• **WORK TASK**: From the entries below, reproduce exactly the lines from the one with "Başkan Şadi Özdemir, daha" through the one with "Amigo Moves rower", both included, without images.

• **EXTRACTED MATERIAL**:
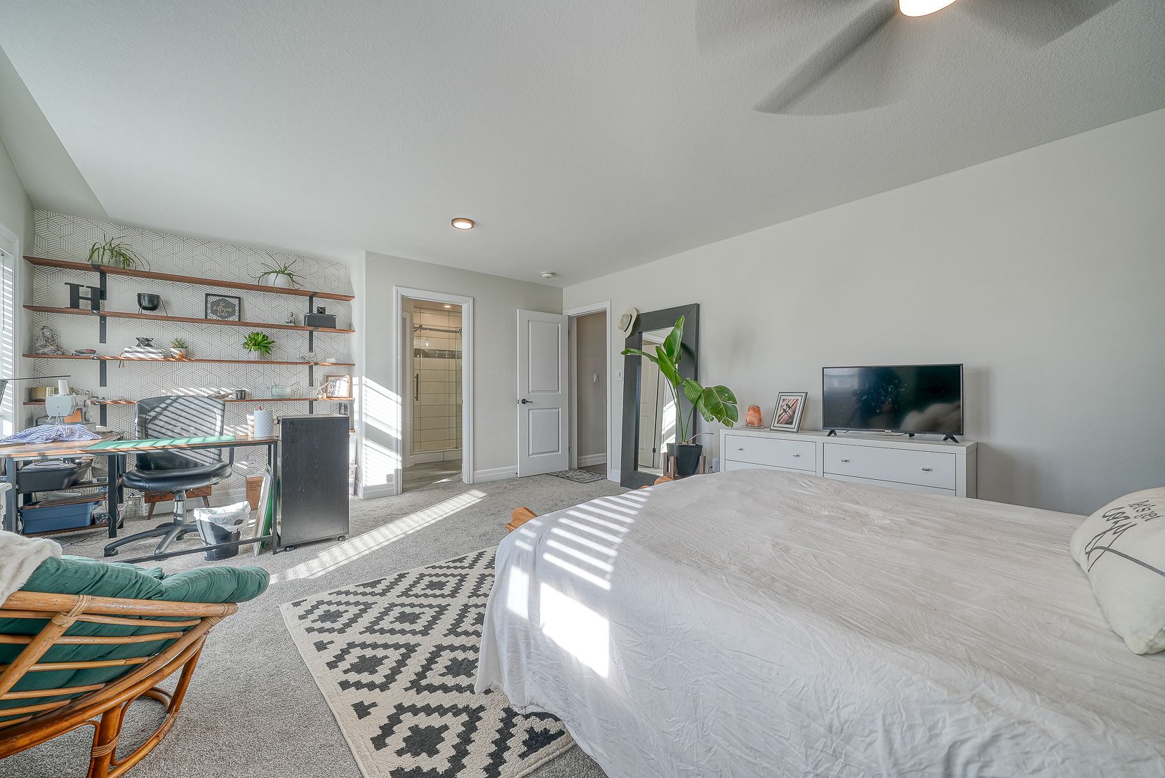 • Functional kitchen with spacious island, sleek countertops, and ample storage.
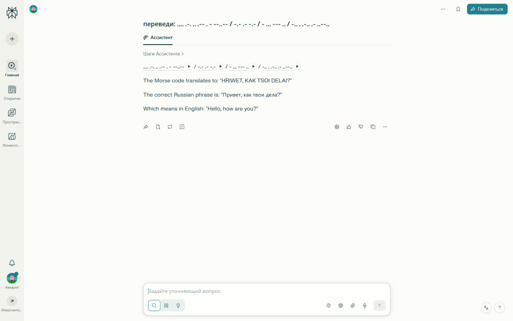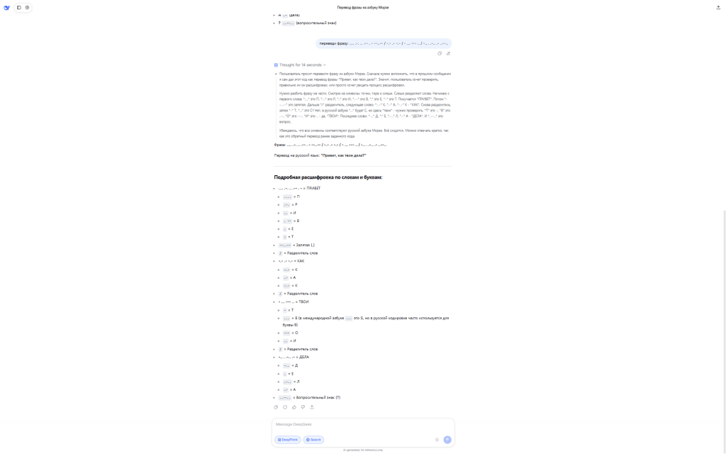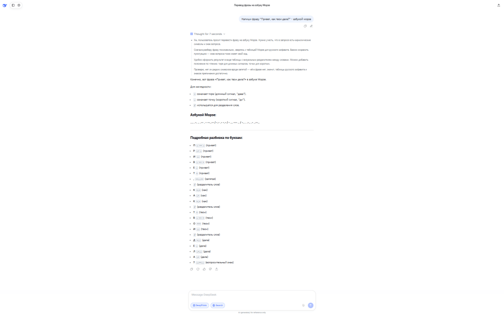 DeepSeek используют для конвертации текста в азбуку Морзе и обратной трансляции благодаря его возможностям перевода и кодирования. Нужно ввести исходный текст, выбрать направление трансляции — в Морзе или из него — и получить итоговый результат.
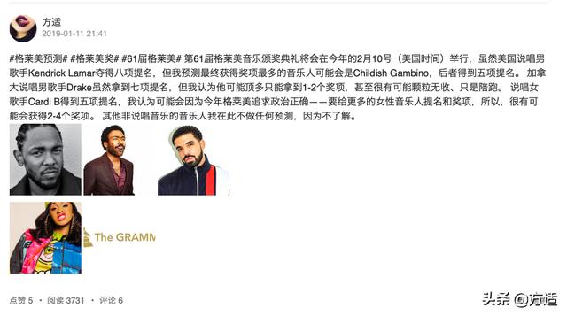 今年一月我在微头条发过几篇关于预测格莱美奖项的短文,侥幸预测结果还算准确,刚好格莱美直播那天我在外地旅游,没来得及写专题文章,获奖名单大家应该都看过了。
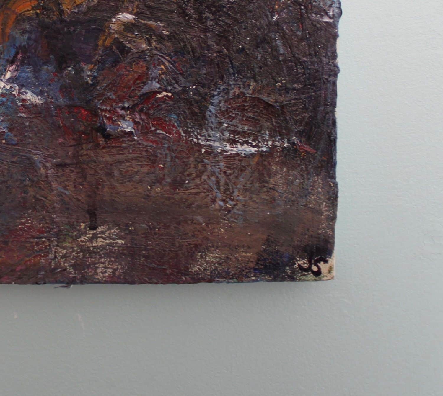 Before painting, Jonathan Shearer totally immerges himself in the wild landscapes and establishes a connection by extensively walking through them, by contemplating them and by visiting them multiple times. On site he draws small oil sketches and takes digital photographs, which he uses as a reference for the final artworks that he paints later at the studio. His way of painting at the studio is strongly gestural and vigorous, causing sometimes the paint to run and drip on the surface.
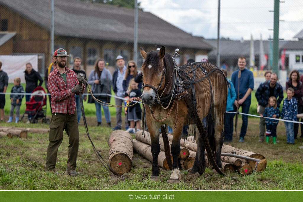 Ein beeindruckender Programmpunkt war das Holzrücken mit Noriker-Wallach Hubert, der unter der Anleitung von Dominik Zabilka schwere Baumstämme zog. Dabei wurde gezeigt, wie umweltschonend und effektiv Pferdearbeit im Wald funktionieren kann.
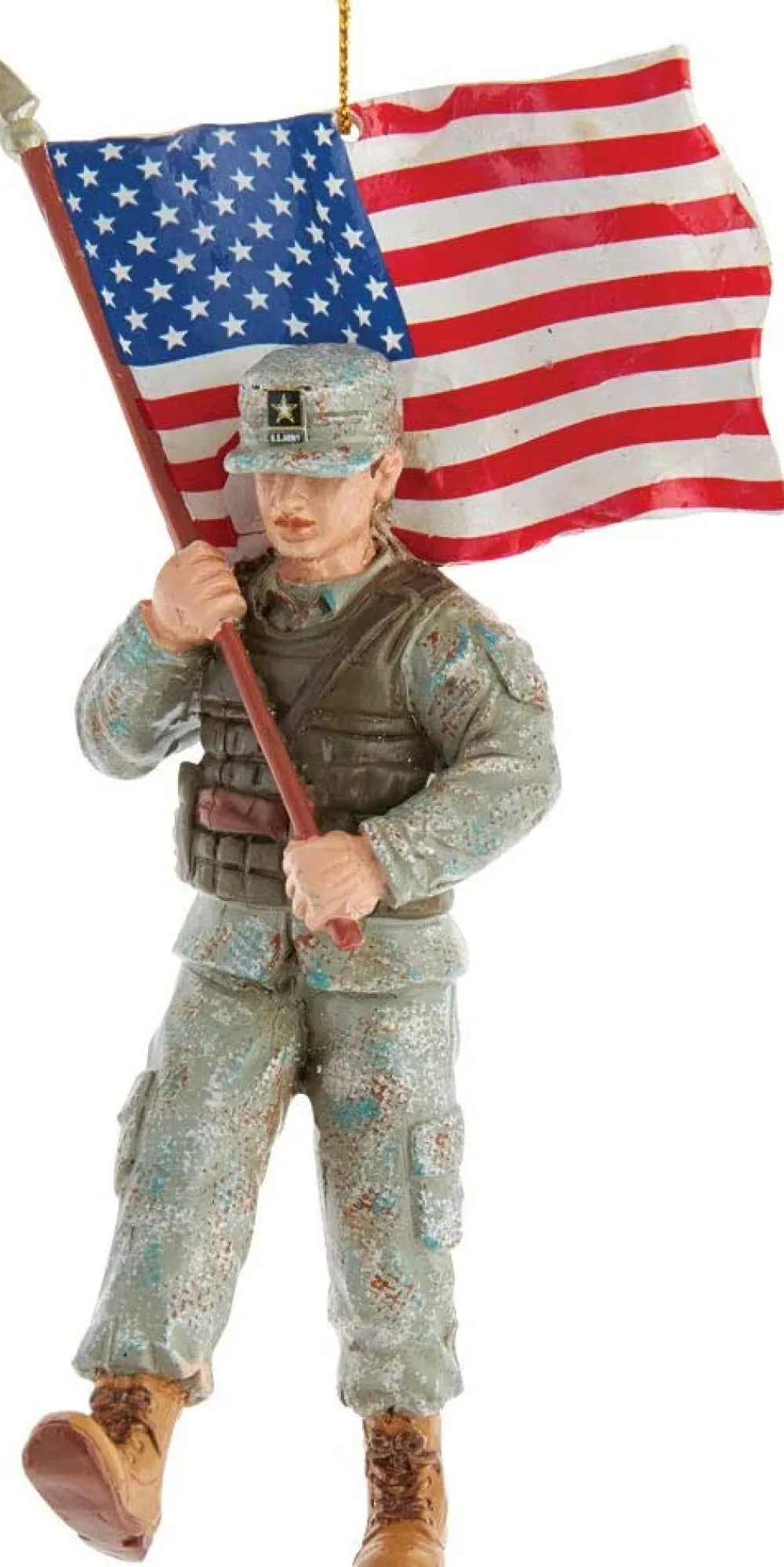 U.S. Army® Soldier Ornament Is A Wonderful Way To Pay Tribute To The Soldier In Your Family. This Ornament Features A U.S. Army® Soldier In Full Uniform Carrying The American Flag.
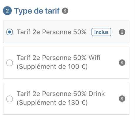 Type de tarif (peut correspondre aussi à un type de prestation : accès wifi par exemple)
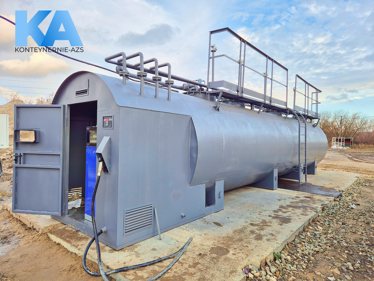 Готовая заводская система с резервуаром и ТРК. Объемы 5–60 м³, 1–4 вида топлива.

==

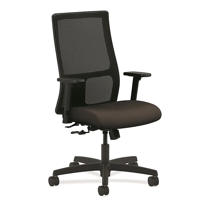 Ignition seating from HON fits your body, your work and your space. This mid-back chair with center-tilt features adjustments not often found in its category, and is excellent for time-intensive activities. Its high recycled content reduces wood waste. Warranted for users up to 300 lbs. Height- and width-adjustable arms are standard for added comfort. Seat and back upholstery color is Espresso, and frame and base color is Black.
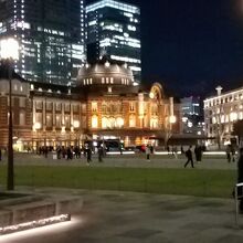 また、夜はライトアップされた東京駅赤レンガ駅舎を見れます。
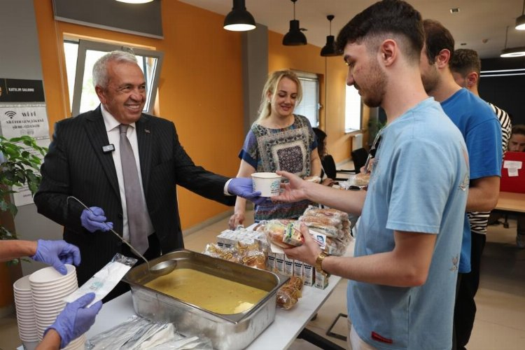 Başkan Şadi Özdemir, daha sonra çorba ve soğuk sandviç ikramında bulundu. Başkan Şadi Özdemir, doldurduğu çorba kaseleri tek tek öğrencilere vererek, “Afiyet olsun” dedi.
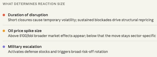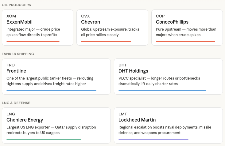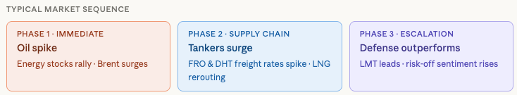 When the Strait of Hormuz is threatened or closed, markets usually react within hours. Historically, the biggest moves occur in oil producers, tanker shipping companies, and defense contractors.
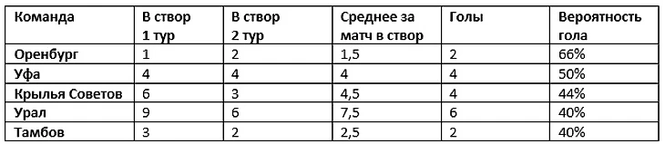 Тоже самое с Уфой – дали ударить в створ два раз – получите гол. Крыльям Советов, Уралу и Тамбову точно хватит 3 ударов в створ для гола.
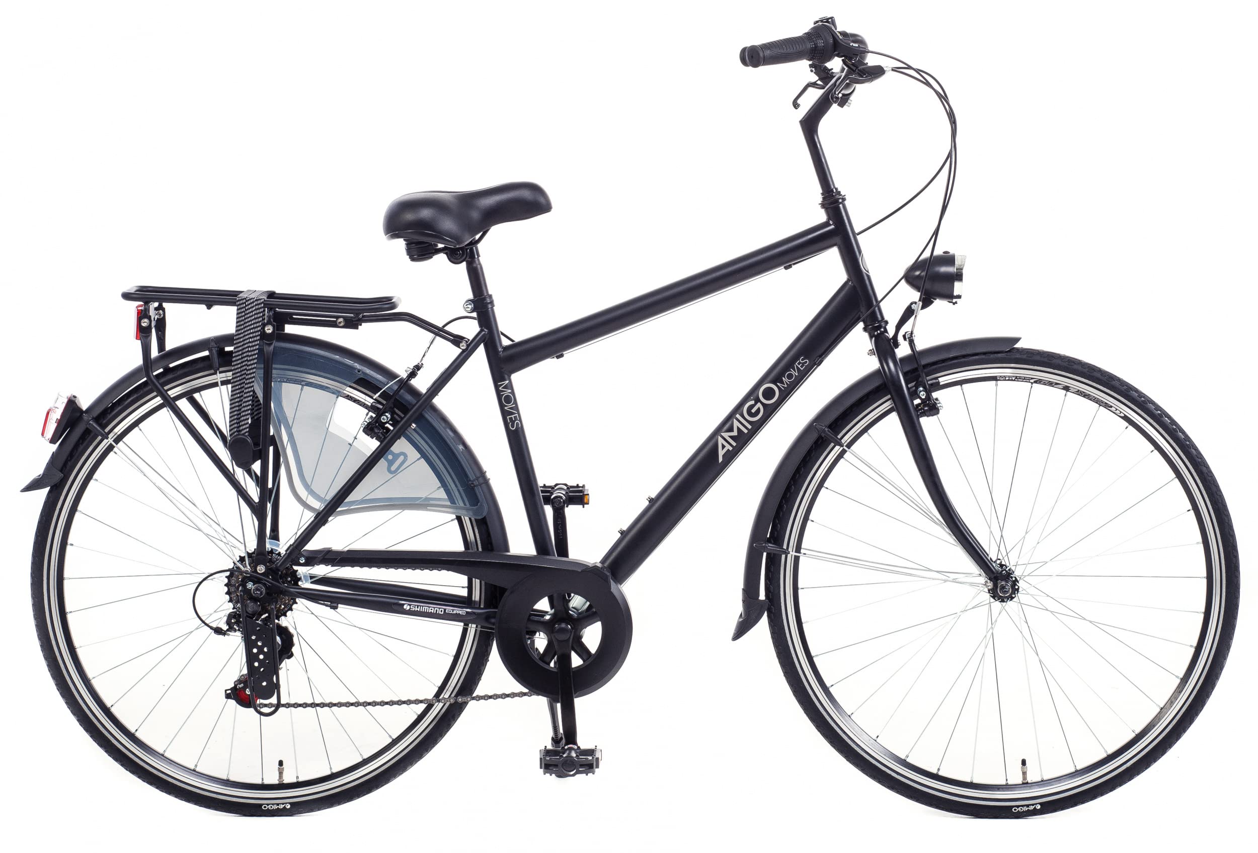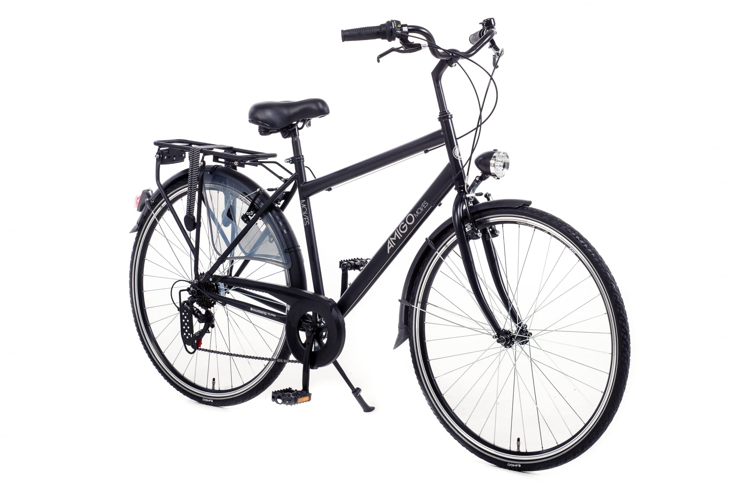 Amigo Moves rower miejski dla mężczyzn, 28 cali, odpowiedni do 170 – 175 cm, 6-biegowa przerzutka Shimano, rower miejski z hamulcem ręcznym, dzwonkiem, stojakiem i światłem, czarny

...

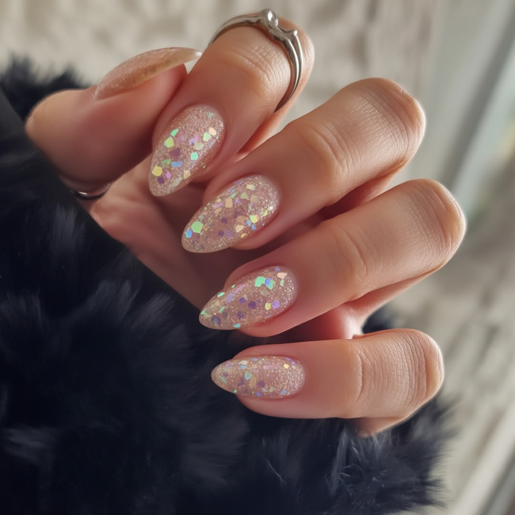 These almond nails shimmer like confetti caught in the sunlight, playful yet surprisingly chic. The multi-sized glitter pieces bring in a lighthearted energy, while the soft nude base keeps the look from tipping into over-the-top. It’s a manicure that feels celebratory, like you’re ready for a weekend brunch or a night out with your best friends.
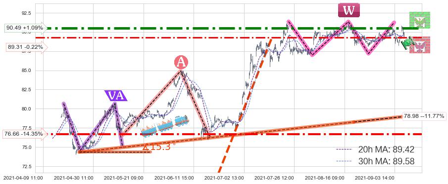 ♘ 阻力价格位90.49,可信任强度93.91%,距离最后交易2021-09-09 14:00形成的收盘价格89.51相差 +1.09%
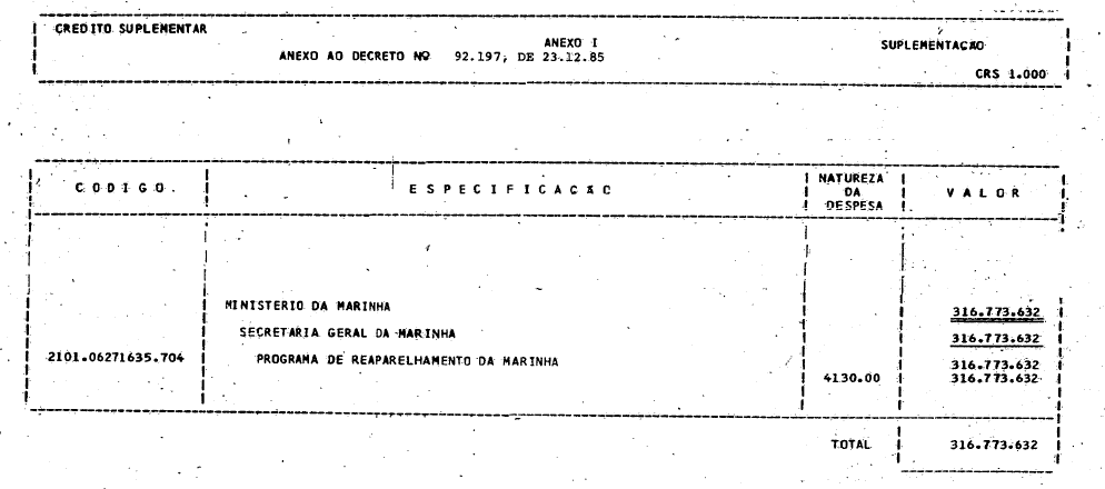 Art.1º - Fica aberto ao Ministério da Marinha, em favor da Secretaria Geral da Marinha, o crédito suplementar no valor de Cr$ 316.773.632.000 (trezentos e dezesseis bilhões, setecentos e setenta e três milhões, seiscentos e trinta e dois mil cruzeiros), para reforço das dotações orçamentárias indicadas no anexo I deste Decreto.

• **WRITTEN RESPONSE**:
 Başkan Şadi Özdemir, daha sonra çorba ve soğuk sandviç ikramında bulundu. Başkan Şadi Özdemir, doldurduğu çorba kaseleri tek tek öğrencilere vererek, “Afiyet olsun” dedi.
 When the Strait of Hormuz is threatened or closed, markets usually react within hours. Historically, the biggest moves occur in oil producers, tanker shipping companies, and defense contractors.
 Тоже самое с Уфой – дали ударить в створ два раз – получите гол. Крыльям Советов, Уралу и Тамбову точно хватит 3 ударов в створ для гола.
 Amigo Moves rower miejski dla mężczyzn, 28 cali, odpowiedni do 170 – 175 cm, 6-biegowa przerzutka Shimano, rower miejski z hamulcem ręcznym, dzwonkiem, stojakiem i światłem, czarny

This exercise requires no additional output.